Robert is a famous engineer. One day he was given a task by his boss. The background of the task was the following:
Given a map consisting of square blocks. There were three kinds of blocks: Wall, Grass, and Empty. His boss wanted to place as many robots as possible in the map. Each robot held a laser weapon which could shoot to four directions (north, east, south, west) simultaneously. A robot had to stay at the block where it was initially placed all the time and to keep firing all the time.
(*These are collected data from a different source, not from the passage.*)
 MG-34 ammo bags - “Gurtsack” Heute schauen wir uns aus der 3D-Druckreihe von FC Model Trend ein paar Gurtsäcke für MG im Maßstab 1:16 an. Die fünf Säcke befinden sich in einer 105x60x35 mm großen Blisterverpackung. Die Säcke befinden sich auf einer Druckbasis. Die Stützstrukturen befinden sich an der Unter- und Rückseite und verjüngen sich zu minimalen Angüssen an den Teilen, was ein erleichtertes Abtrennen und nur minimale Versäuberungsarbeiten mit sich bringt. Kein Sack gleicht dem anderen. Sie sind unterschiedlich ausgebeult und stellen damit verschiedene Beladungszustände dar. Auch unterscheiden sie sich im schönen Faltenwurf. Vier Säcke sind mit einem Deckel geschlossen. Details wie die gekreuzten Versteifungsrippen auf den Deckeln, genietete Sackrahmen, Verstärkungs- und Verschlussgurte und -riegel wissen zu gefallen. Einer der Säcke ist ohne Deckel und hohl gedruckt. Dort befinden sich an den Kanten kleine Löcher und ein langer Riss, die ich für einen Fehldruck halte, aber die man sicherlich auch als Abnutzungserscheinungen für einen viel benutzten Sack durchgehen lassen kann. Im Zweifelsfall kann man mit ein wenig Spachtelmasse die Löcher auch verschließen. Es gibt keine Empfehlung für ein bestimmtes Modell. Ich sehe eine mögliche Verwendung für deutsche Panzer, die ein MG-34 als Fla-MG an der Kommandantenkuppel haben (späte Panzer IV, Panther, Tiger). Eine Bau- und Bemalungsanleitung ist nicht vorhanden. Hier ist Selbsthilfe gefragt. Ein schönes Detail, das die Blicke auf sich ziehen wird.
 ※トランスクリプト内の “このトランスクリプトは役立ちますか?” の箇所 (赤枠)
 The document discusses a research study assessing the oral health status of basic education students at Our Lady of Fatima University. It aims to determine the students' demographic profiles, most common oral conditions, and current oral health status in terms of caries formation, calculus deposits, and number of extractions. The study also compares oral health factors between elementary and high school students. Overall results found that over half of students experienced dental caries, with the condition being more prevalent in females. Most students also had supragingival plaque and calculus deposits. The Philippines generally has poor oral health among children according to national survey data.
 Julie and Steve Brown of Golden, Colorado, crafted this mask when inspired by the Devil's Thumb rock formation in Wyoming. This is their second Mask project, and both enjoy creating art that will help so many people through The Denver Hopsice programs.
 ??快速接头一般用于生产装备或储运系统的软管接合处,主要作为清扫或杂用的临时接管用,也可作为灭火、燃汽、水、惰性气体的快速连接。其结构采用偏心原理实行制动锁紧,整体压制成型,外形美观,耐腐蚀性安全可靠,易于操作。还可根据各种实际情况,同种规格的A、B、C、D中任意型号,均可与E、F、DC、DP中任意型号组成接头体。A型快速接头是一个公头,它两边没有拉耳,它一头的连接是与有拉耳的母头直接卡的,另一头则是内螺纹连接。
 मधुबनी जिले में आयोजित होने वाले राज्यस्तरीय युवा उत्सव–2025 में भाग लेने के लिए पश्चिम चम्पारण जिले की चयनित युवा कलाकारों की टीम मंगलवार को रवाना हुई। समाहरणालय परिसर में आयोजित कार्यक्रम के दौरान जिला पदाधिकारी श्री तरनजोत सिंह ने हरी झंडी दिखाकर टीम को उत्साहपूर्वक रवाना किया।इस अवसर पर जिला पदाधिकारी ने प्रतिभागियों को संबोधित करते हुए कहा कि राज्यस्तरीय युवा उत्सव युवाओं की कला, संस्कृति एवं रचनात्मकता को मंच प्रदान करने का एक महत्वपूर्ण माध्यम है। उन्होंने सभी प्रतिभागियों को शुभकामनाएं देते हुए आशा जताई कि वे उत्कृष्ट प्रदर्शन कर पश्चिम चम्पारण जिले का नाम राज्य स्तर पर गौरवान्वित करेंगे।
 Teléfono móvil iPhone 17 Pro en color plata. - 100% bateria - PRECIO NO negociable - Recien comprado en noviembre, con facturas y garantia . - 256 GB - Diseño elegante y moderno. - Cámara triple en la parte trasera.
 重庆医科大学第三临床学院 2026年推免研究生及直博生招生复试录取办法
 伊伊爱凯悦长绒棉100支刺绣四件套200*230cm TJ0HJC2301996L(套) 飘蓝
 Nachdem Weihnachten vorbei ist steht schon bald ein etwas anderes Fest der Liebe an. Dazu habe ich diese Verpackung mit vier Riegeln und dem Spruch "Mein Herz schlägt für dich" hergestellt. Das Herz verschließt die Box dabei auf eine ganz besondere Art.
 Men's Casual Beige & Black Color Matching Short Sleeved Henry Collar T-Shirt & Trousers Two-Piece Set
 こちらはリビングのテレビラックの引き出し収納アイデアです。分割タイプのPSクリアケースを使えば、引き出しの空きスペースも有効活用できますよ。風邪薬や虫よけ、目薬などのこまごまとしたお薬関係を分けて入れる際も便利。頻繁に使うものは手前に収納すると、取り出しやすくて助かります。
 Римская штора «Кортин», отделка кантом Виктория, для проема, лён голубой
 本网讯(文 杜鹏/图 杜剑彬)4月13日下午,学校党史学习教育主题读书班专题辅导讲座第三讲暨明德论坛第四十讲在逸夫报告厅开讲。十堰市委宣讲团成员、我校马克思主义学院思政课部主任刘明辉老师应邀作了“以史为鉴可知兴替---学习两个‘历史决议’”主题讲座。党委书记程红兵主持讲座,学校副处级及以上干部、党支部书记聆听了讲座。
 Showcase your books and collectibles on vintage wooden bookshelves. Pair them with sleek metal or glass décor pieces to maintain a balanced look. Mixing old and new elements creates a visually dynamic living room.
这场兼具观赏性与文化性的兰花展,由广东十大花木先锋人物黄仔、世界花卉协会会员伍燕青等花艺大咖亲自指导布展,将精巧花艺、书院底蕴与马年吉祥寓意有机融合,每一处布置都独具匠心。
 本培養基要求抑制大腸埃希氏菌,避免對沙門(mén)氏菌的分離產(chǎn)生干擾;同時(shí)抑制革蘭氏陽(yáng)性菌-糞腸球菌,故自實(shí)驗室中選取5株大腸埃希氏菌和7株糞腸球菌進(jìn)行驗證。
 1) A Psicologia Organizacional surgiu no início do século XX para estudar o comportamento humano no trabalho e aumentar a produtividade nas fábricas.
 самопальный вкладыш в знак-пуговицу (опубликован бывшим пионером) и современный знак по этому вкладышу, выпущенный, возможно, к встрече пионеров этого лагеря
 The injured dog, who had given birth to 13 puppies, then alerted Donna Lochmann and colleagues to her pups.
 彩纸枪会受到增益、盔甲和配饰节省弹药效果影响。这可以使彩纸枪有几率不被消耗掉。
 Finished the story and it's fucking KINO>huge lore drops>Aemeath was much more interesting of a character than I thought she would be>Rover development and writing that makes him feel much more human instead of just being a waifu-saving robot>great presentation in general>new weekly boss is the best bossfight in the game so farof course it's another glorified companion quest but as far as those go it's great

The laser beams certainly could pass the grid of Grass, but could not pass the grid of Wall. A robot could only be placed in an Empty block. Surely the boss would not want to see one robot hurting another. In other words, two robots must not be placed in one line (horizontally or vertically) unless there is a Wall between them.
Now that you are such a smart programmer and one of Robert's best friends, He is asking you to help him solving this problem. That is, given the description of  a map, compute the maximum number of robots that can be placed in the map.

输入

The first line contains an integer T (<= 11) which is the number of test cases. 
For each test case, the first line contains two integers m and n (1<= m, n <=50) which are the row and column sizes of the map. Then m lines follow, each contains n characters of '#', '*', or 'o' which represent Wall, Grass, and Empty, respectively. 

输出

For each test case, first output the case number in one line, in the format: "Case :id" where id is the test case number, counting from 1. In the second line just 
output the maximum number of robots that can be placed in that map.

样例输入

复制样例数据

2
4 4
o***
*###
oo#o
***o
4 4
#ooo
o#oo
oo#o
***#

样例输出

Case :1
3
Case :2
5
思路：只需要考虑空地和墙壁即可，找出行和列的联通块，用交点建立二分图，进行最大匹配就好了。

#include<bits/stdc++.h>
#include<vector>
using namespace std;
const int maxn=2e3+100;
int ans,f[maxn],mt[maxn],n,m,cx,cy,cnt;
int l[60][60],r[60][60];
char str[60][60];
vector<int>q[maxn];
int match(int now){
    for(int i=0;i<q[now].size();i++){
        if(!mt[q[now][i]]){
            mt[q[now][i]]=1;
            if(f[q[now][i]]==-1||match(f[q[now][i]])){
                f[q[now][i]]=now;
                return 1;
            }
        }
    }
    return 0;
}
int hg(){
    ans=0;
    for(int i=1;i<=cx;i++){
        memset(mt,0,sizeof(mt));
        if(match(i))ans++;
    }
    return ans;
}
int main()
{
    int T;
    cin>>T;
    while(T--){
        for(int i=0;i<maxn;i++)f[i]=-1,q[i].clear();
        cin>>n>>m;
        cx=cy=0;
        memset(l,0,sizeof(l));
        memset(r,0,sizeof(r));
        for(int i=1;i<=n;i++)scanf("%s",str[i]+1);
        for(int i=1;i<=n;i++){
            int c=0;
            for(int j=1;j<=m;j++){
                if(str[i][j]=='o'){
                    if(!c)++cx;
                    c=1;
                    l[i][j]=cx;
                }else if(str[i][j]=='#')c=0;
            }
        }
        for(int i=1;i<=m;i++){
            int u=0;
            for(int j=1;j<=n;j++){
                if(str[j][i]=='o'){
                    if(!u)++cy;
                    u=1;
                    r[j][i]=cy;
                }else if(str[j][i]=='#')u=0;
            }
        }
        for(int i=1;i<=cx;++i) q[i].clear();
        for(int i=1;i<=n;i++){
            for(int j=1;j<=m;j++){
                if(l[i][j]&&r[i][j]){
                    q[l[i][j]].push_back(r[i][j]);
                }
            }
        }
        cout<<"Case "<<':'<<++cnt<<endl;
        cout<<hg()<<endl;
    }
}